When the Coronavirus Aid, Relief, and Economic Security Act (CARES Act) unemployment insurance supplement expires at the end of the July, renters will face a cliff, and Congress will face a choice for whether or how to assist renters going forward. We estimate that the combination of state unemployment insurance and the $600 weekly supplement from the CARES Act covers approximately 80 percent of the income support needed to return renters who lost their jobs to their precrisis rent-to-income ratios. But what happens after that expires?
To understand how much assistance vulnerable renters need during the COVID-19 crisis, our recent brief estimated how the amount of assistance would vary depending on the extension or expiration of the CARES Act’s $600 weekly supplement. Our brief looked at the costs of assisting renters who recently lost their jobs, as well as the cost of assisting renters who might not have lost their jobs but remain cost burdened. The brief provided nationwide estimates, but effects of the dual economic and housing crises—namely the job losses and rental housing cost burdens—vary considerably by geography.

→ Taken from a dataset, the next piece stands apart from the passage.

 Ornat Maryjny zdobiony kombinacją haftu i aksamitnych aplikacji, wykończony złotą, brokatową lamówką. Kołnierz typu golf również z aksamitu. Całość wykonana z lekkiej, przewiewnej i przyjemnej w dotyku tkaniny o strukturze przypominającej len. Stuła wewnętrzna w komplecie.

Our analysis estimated the costs of two methods of rental assistance. The first method returns the 20 percent of households who experienced a job loss in our model to their precrisis rent-to-income ratio, with a 30 percent cap. We find that federal and state unemployment insurance has a much larger impact on the cost of assistance, as these benefits go a long way in helping those who lost jobs.
However, many renters were cost burdened before the crisis and face increased health risks because of housing insecurity. Our second method estimates the cost of ensuring all households have a rent-to-income ratio no higher than 30 percent. The second method, alleviating rent burden for all, serves a much larger population, as it is not limited to those who recently lost a job. Additionally, this metric moves households from rent burden to affordability, which means an additional subsidy for the many households who were already rent burdened before the pandemic. This method is less sensitive to unemployment benefits, as the majority of households receiving assistance are not receiving unemployment benefits.

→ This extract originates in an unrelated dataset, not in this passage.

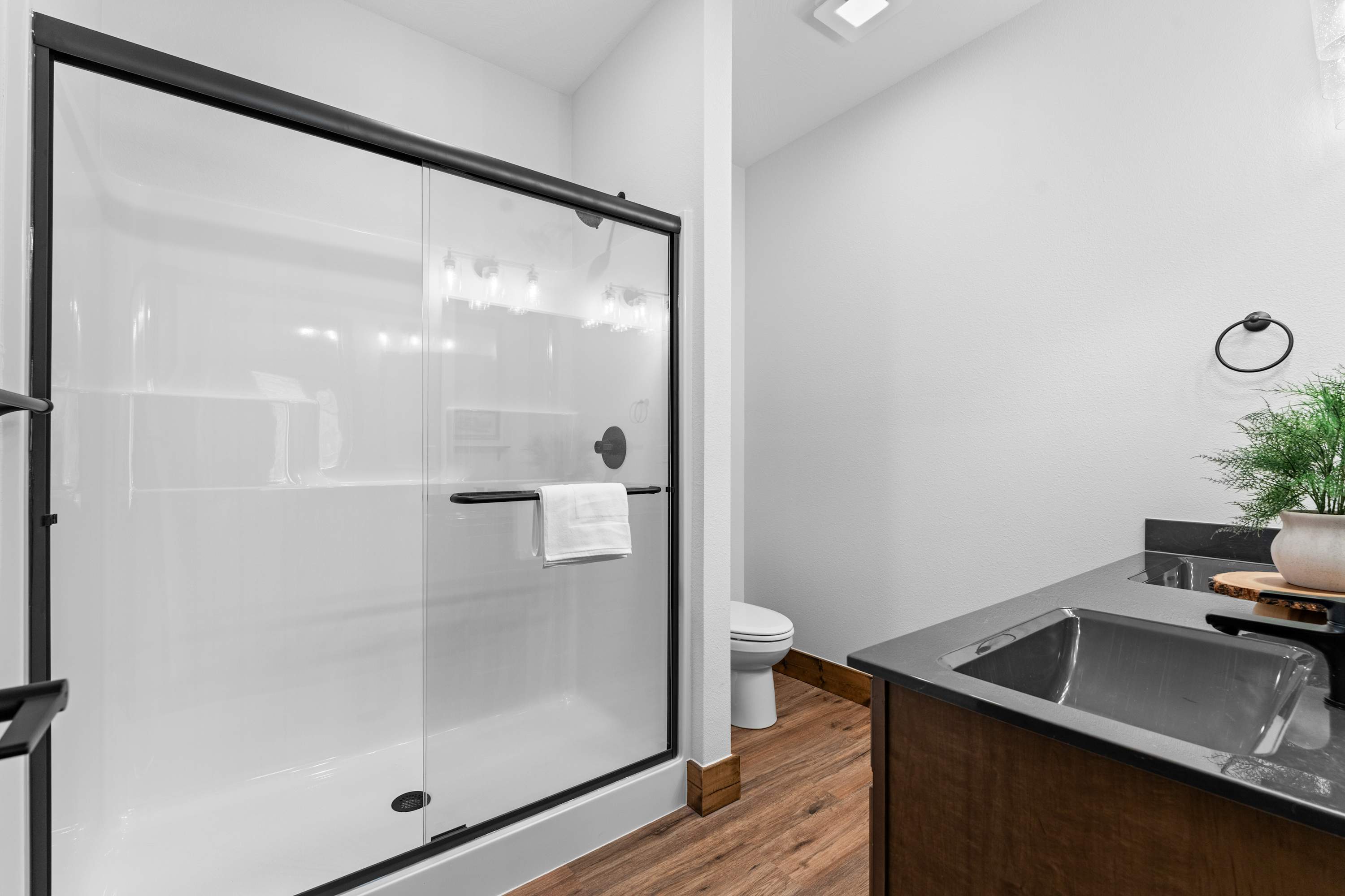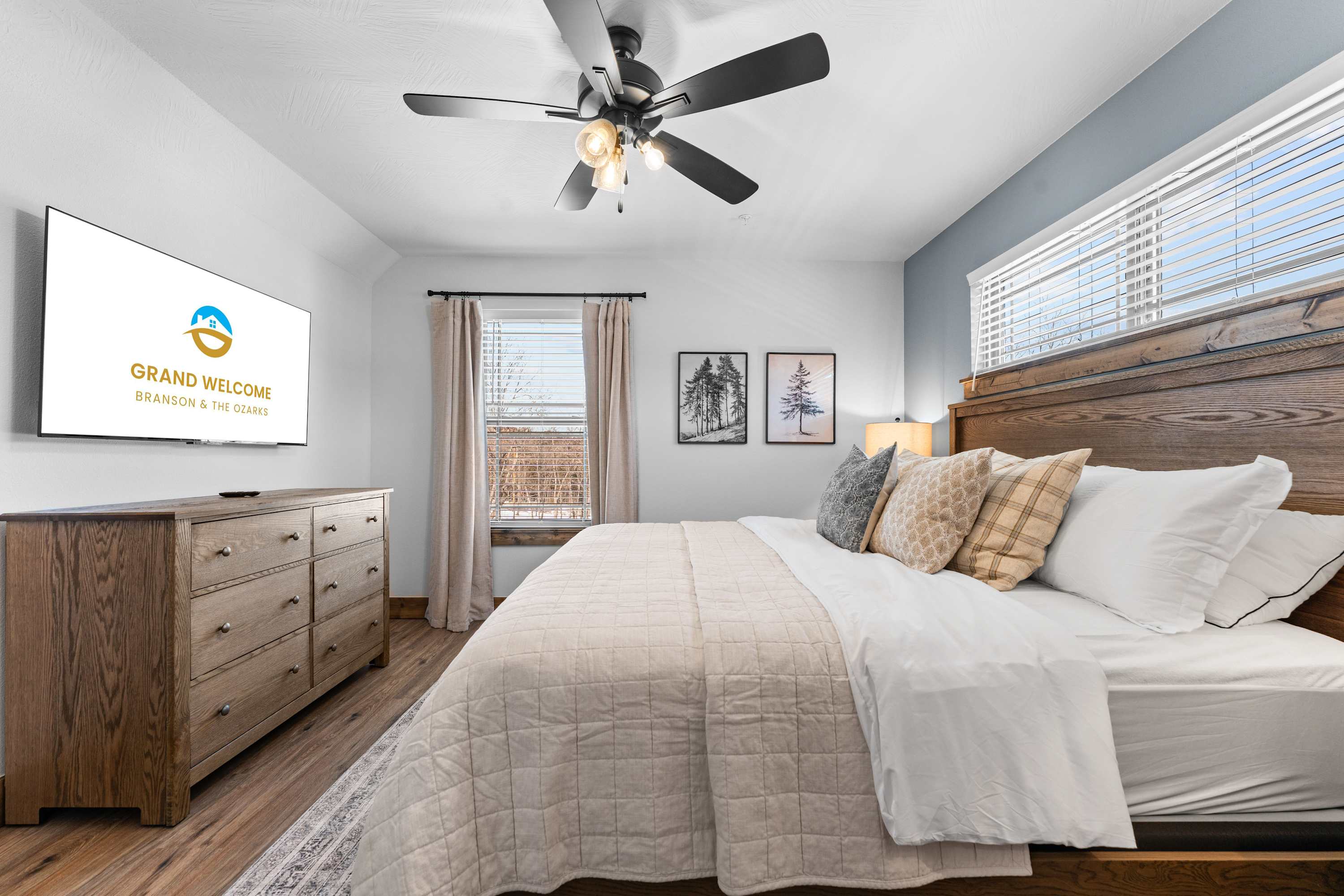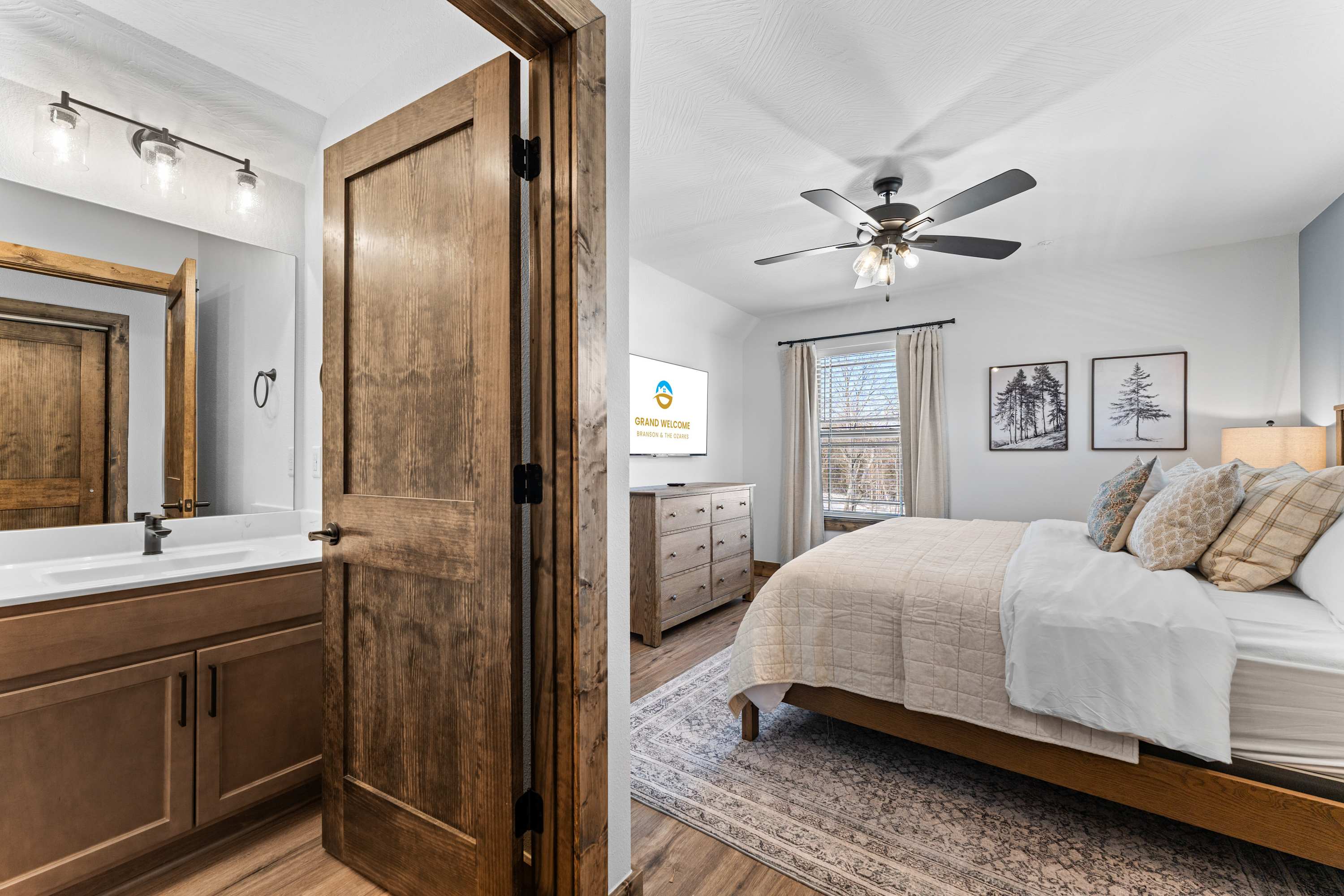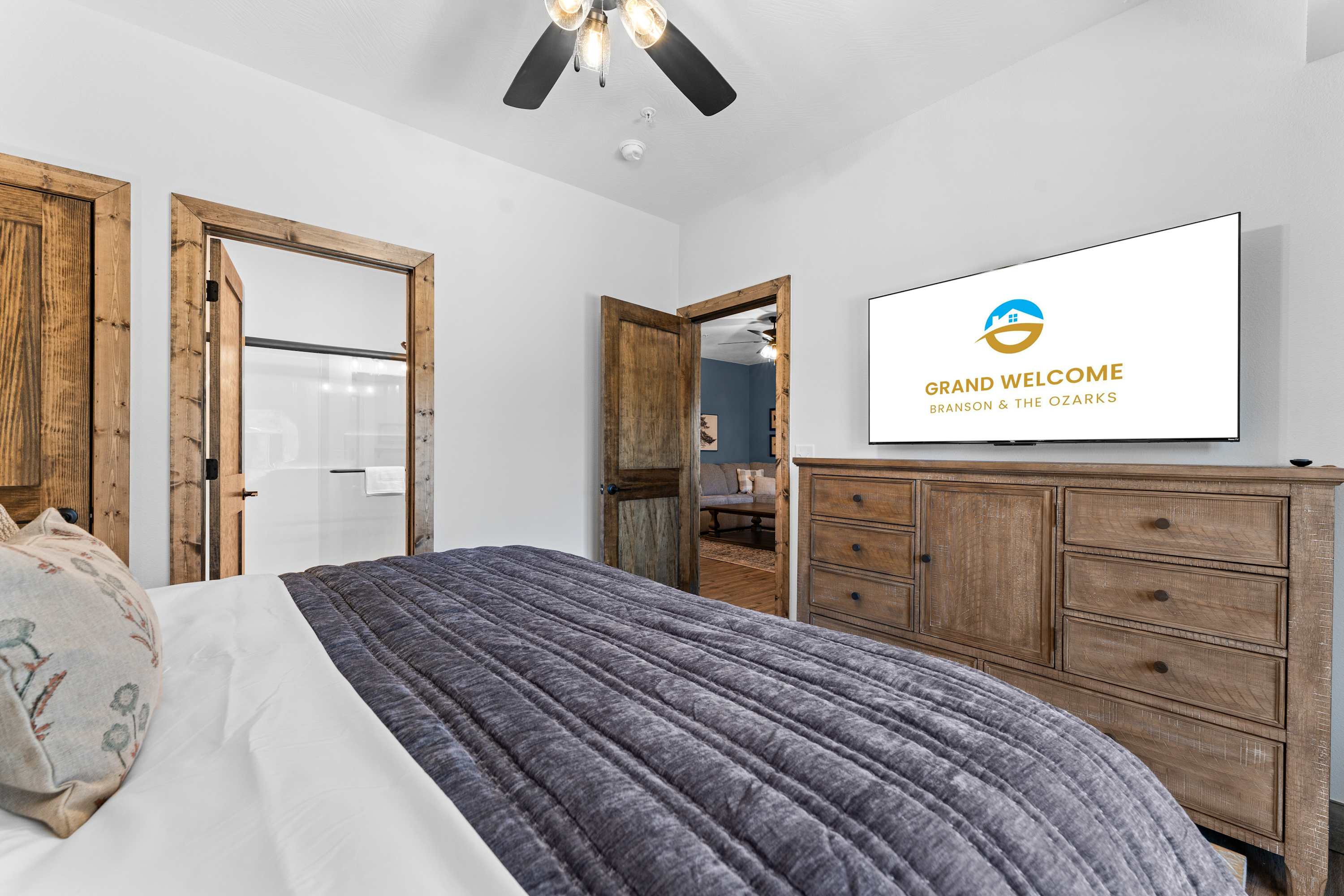 Bedroom #3 includes a king size bed, a smart TV, and an ensuite bathroom with a dual vanity and a walk-in shower.

Building upon an earlier brief, our analysis now includes the cost of providing rental assistance in all 50 states. We show these two estimates in terms of aggregate cost and cost per household. For both methods, we estimate costs with state unemployment benefits, with federal unemployment benefits (the CARES Act $600 weekly supplement), and without unemployment benefits. In this blog post, we highlight this analysis by comparing three states: Florida, Michigan, and Idaho (view data for all 50 states plus DC in this PDF).

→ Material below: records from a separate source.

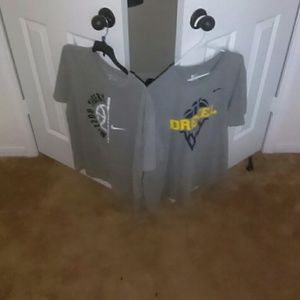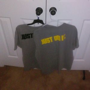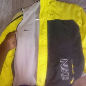 One expensive yellow reversible Nike jacket a black stripped Nike jacket Two 40$ Nike shirts
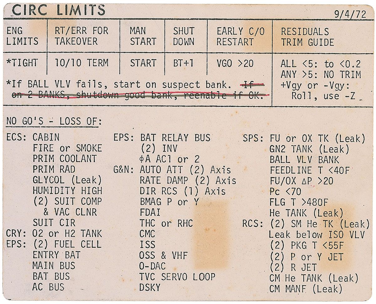 Cue card used during training for the Apollo 16 mission. Card measures 5.75 x 4.75, is dated September 4, 1972, at the top, and is headed at the top, “CIRC Limits,” followed by several commands, with the lower portion listing three columns of “no go’s,” which would prevent the astronauts from continuing their mission. Among the potential problems are fire or smoke in the cabin, issues with the oxygen and hydrogen cryo tanks, and guidance and navigation problems. Card has two crossed out lines done by one of the trainees. Reverse has three small swatches of Velcro affixed and is labeled in the upper right, “CMS28.” In fine condition, with expected light wear and light blocks of toning.
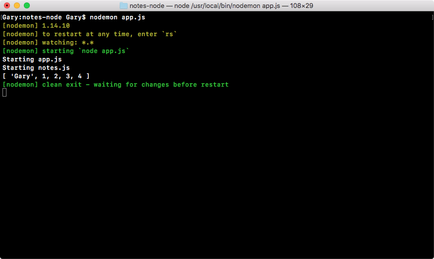 We'll see a combination of our app's output, along with nodemon logs that show you what's happening. As shown in the preceding code, you can see the version nodemon is using, the files it's watching, and the command it actually ran. Now, at this point, it's waiting for more changes; it already ran through the entire app and it'll keep running until another change happens or until you shut it down.
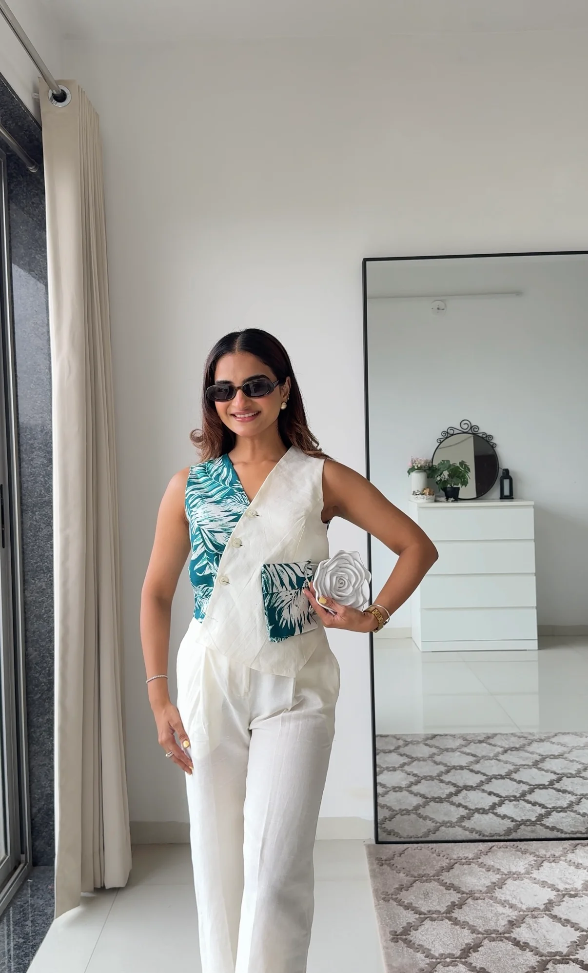 Tiya Linen Pants with White & Green Waistcoat
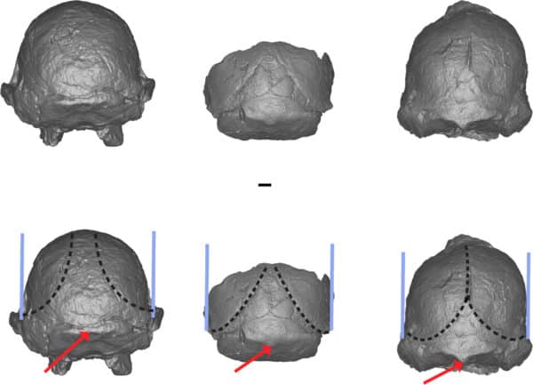 3D models of the backs of the skulls of a known A. africanus, MLD 1, and Little Foot. Credit: American Journal of Biological Anthropology, 2025.

Florida had one of the highest rates of rental cost burden among residents before the current economic crisis. Without state or federal unemployment insurance, we estimate it would cost more than $1 billion per month in rental assistance to alleviate rent burden for all of Florida’s estimated 2.6 million renter households, 55 percent of whom were cost burdened before COVID-19-related unemployment. It would cost $330 million per month to return the 500,000 renter households who lost their jobs in recent months to their precrisis levels of rent burden, again without unemployment assistance.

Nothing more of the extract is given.